Task objective:
Look in the data below for the line that has "Туника женская свободного", then print exactly every line from there through the line that has "Behind the gate", leaving pictures out.

Stored items from a collection:

··········

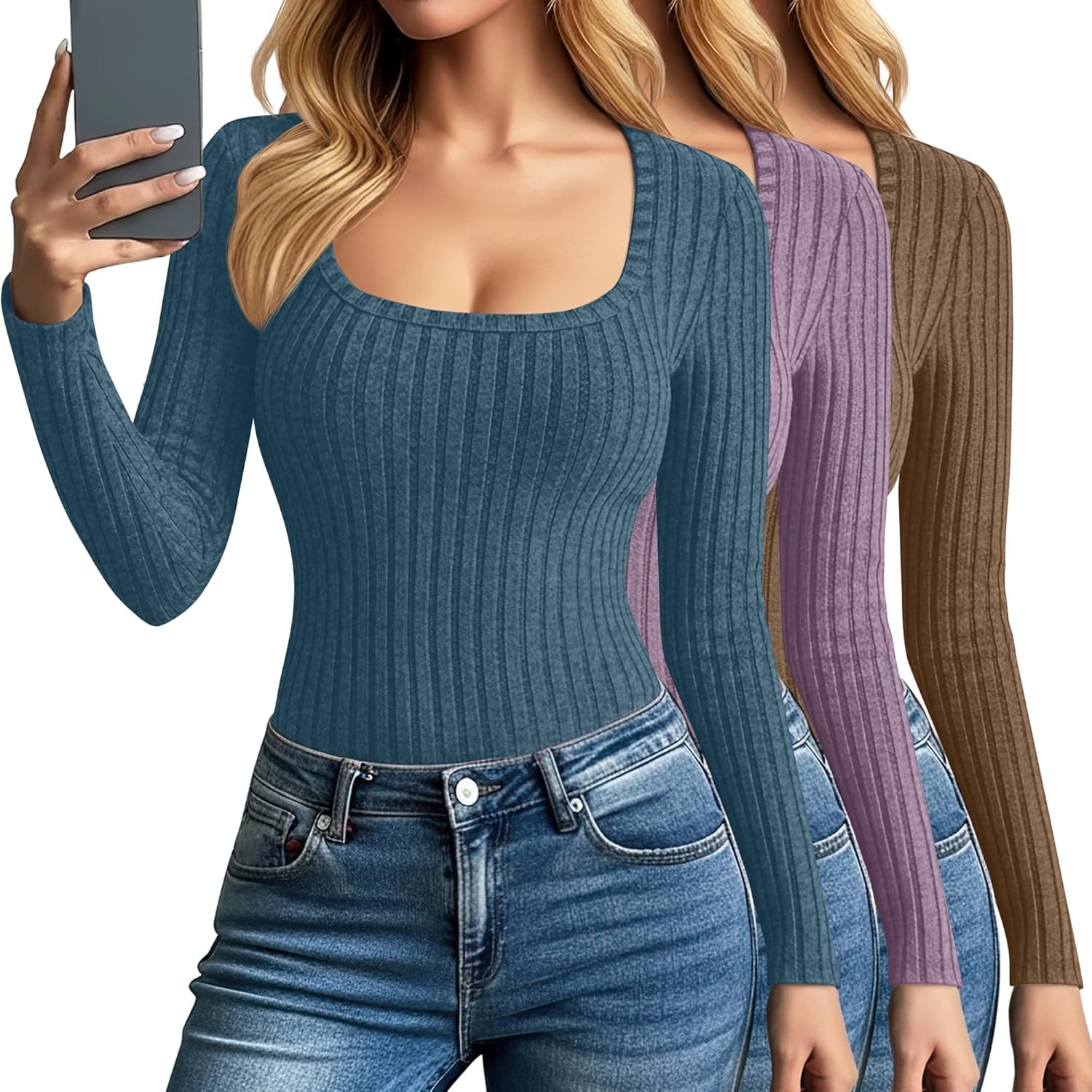 3 Pack Women's Long Sleeve Tops, Scoop Neck Ribbed Knit Shirt Slim Fit Pullover Sweater Casual Basic Thermal Shirt
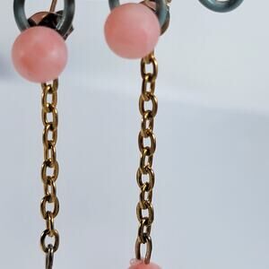 These charming earrings feature soft pink beads suspended from delicate gold chains. With their simple yet elegant design, they create a striking contrast between the pastel pink and the shiny gold, making them perfect for both everyday wear and special occasions. The smooth, rounded beads add a touch of softness, while the fine gold chain offers a sleek, modern feel. This combination of elements creates a chic and contemporary look that complements a variety of outfits. Whether you're dressing up for a formal event or adding a refined touch to your everyday wardrobe, these earrings bring elegance and sophistication to any look. The lightweight design ensures comfort, while the secure gold chain backing keeps the earrings in place all day long. Perfect for those who love minimalist jewelry with a hint of color, these earrings are an easy way to elevate your accessory game. Their timeless design makes them a versatile addition to any jewelry collection.
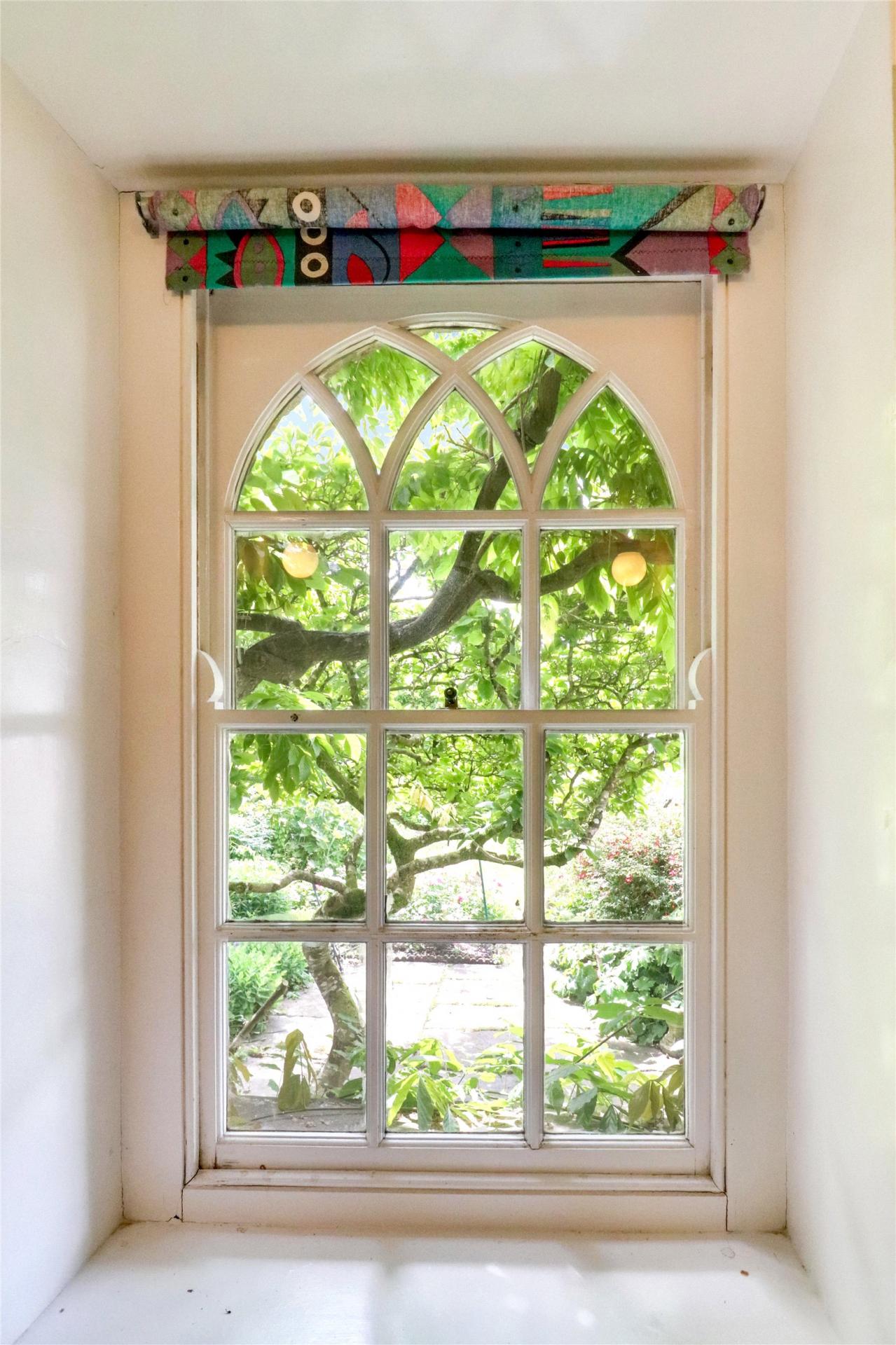 The first floor, accessed via a galleried landing with a striking stained-glass window, comprises two well-proportioned double bedrooms—one currently used as a study—with wonderful views across the gardens to St Mary Magdalene’s Church beyond. The bathroom on this level is equally impressive, featuring a freestanding roll-top bath, WC, and wash hand basin.
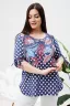 Туника женская свободного силуэта. На полочке застроченные вертикальные складки, декорированные пуговицами. Рукав ¾ с завязками.
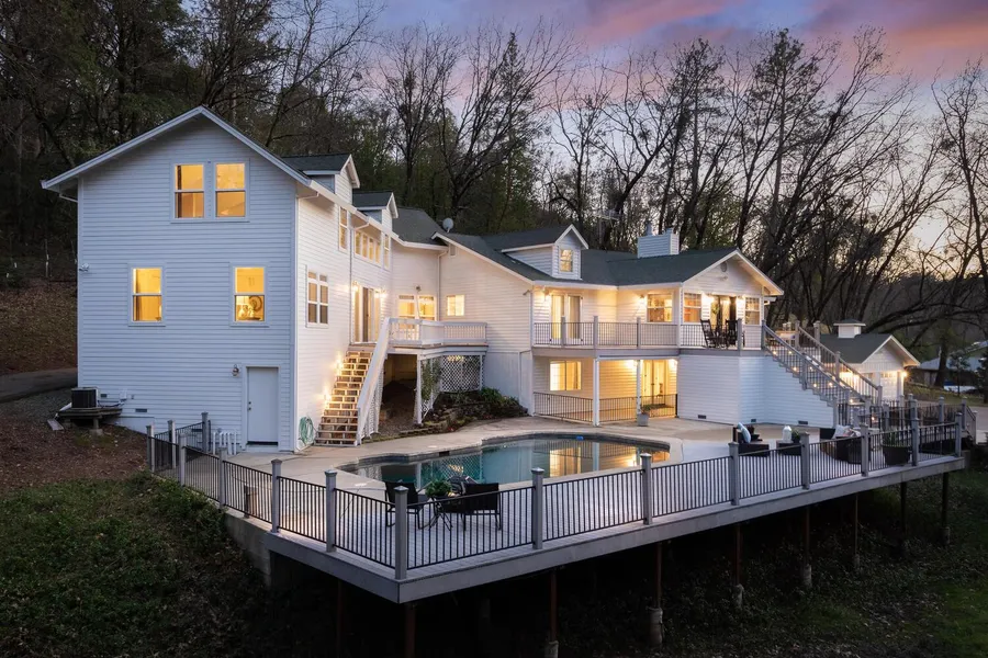 Behind the gate is a gorgeous sprawling white estate, nestled amongst magnificent oaks. The exterior was recently painted, the yard was refreshed, bedroom carpet was updated. Additionally the current ownership updated the kitchen and bathrooms. This is a turn key property. The home can be enjoyed completely, or the grand suite and main living areas can be used separately. While enjoying the sparkling pool, just steps away is a perfect space for poolside entertainment; offering a wet bar and full bathroom. The bedroom wing of the home offers a huge bonus room, laundry room with outside access. The lower level has a well appointed office with hickory built-in cabinets. The grand suite, has a private balcony, luxurious master bath and incredible walk-in closet. Separate amenities include a 3 car detached garage, a 2nd garage with carport, drive through access, property is fenced, inspections are completed, the well is strong. Come experience this beauty of this estate.
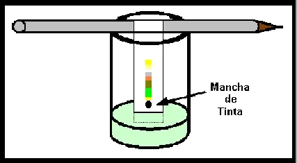 Recorta una tira del papel poroso que tenga unos 4 cm de ancho y que sea un pocomas larga que la altura del vaso. Enrolla un extremo en un bolígrafo (puedesayudarte de cinta adhesiva) de tal manera que el otro extremo llegue al fondo delvaso. (Ver dibujo). Dibuja una mancha con un rotulador negro en el extremo librede la tira, a unos 2 cm del borde. Procura que sea intensa y que no ocupe mucho.(Ver dibujo). Echa en el fondo del vaso alcohol, hasta una altura de 1 cm aproximadamente.Sitúa la tira dentro del vaso de tal manera que el extremo quede sumergido en elalcohol pero la mancha que has hecho sobre ella quede fuera de él. Puedes tapar elvaso para evitar que el alcohol se evapore. Observa lo que ocurre: a medida que elalcohol va ascendiendo a lo largo de la tira, arrastra consigo los diversos pigmentosque contiene la mancha de tinta. Como no todos son arrastrados con la mismavelocidad, al cabo de un rato se ven franjas de colores. Repite la experienciautilizando diferentes tintas.
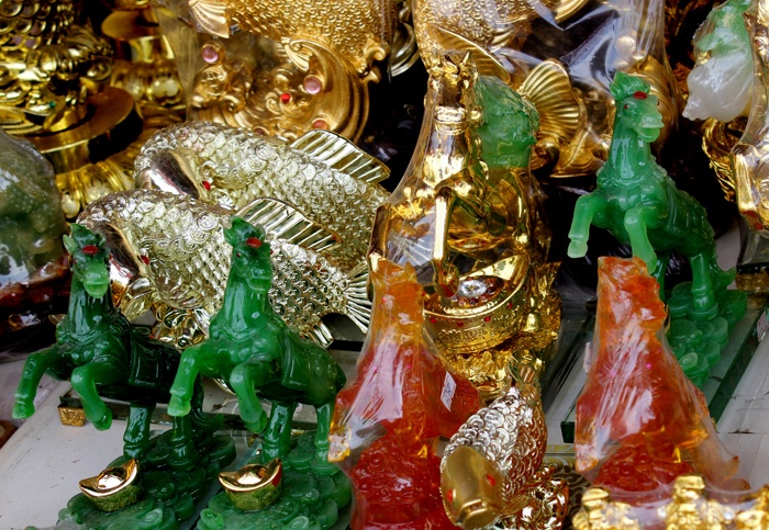 Đường Hải Thượng Lãn Ông (quận 5, TP.HCM) là nơi tập trung bán các mặt hàng trang trí Tết. Bắt đầu bày bán từ cuối tháng 12, mặc dù sức mua không bằng các năm trước, nhưng chủ các cửa hàng vẫn được "động viên" phần nào nhờ các món đồ trang trí hình ngựa bán rất chạy.

··········

Your response:
 Туника женская свободного силуэта. На полочке застроченные вертикальные складки, декорированные пуговицами. Рукав ¾ с завязками.
 Behind the gate is a gorgeous sprawling white estate, nestled amongst magnificent oaks. The exterior was recently painted, the yard was refreshed, bedroom carpet was updated. Additionally the current ownership updated the kitchen and bathrooms. This is a turn key property. The home can be enjoyed completely, or the grand suite and main living areas can be used separately. While enjoying the sparkling pool, just steps away is a perfect space for poolside entertainment; offering a wet bar and full bathroom. The bedroom wing of the home offers a huge bonus room, laundry room with outside access. The lower level has a well appointed office with hickory built-in cabinets. The grand suite, has a private balcony, luxurious master bath and incredible walk-in closet. Separate amenities include a 3 car detached garage, a 2nd garage with carport, drive through access, property is fenced, inspections are completed, the well is strong. Come experience this beauty of this estate.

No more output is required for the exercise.